Putin and Pushkin

MOSCOW: By arresting media mogul Vladimir Gusinsky, the Kremlin -- whether by order of President Putin or not -- revived fears of censorship and thought control. Are those fears justified, and what does Gusinksy's arrest presage, if anything?

Neither censorship nor the gulag ever completely suppressed intellectual life in Russia. Witness the genius of Akhmatova, Mandelstam, Shostakovich, Pasternak and Prokofiev who created great works even in the nightmare years of the Stalinist era. Recognizing this indestructibility, Russian leaders have always sought to keep the mass media under their thumb, and artists on their side.
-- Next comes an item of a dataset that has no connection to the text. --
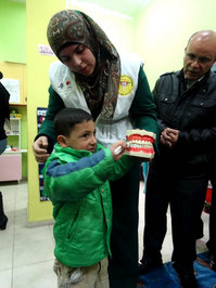 現在は、学校、幼稚園、地域社会施設などの協力を得て、学校生徒や教師へのトレーニング、子どもたちや保護者への健康教育と健康診断、地域青年たちへの救急法トレーニング、孤立した村での巡回診療などを実施しています。この事業によって、トレーニングを受けた子どもたちや教師たちが自発的に学校内外で活動するようになり、健康診断、巡回診療、サマーキャンプを通じ、パレスチナ人住民の健康管理と健康に対する意識向上にも貢献しています。

Newspapers buckled and often artists returned the state's embrace. Pushkin, for example, announced that AI am not a flatterer when I sing praises to my Tsar." Even Mandelstam, although he did it under duress, wrote an Ode to Stalin, which nevertheless failed to save him from the gulag and death.
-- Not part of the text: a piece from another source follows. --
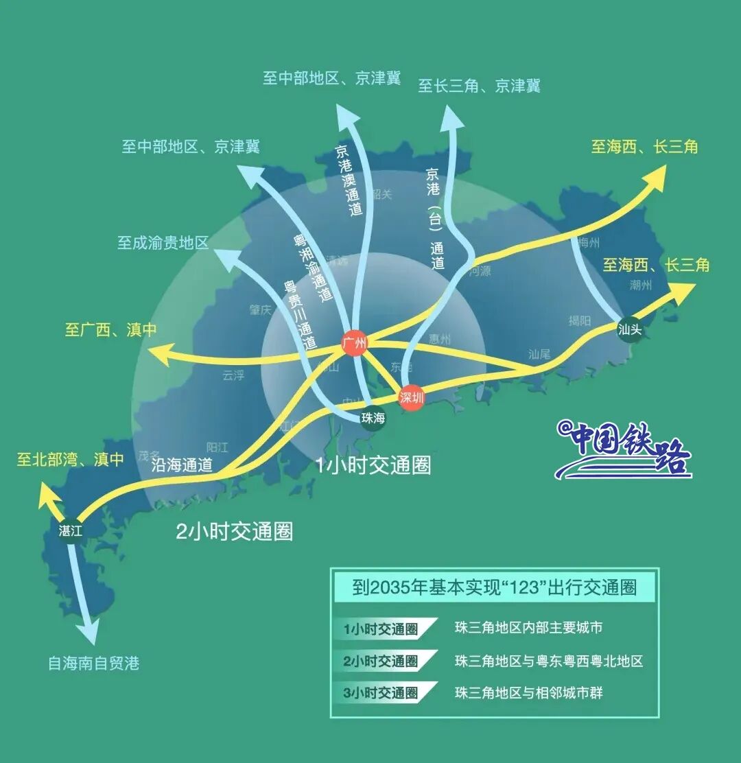 随着高铁新线的不断加入,广东高铁版图串珠成线,织线成网。“十四五”期间,广东将打造“一中心三极点”综合交通枢纽布局,即以粤港澳大湾区为中心,汕头、湛江、韶关为极点,形成轴带支撑、多向联通的综合交通分布。

Lenin, Khrushchev, Brezhnev, Gorbachev -- all constructed their ruling Soviet ideology on the foundation of the Russian intelligentsia. When communism imploded, however, Yeltsin sought to divert Russia's intellectual energy toward money and the media. High culture was abandoned as a Kremlin plaything and left to survive -- or not -- on its own. The Internet and mass media, not poetry, was to be the catalyst in jump-starting Russia's civil society.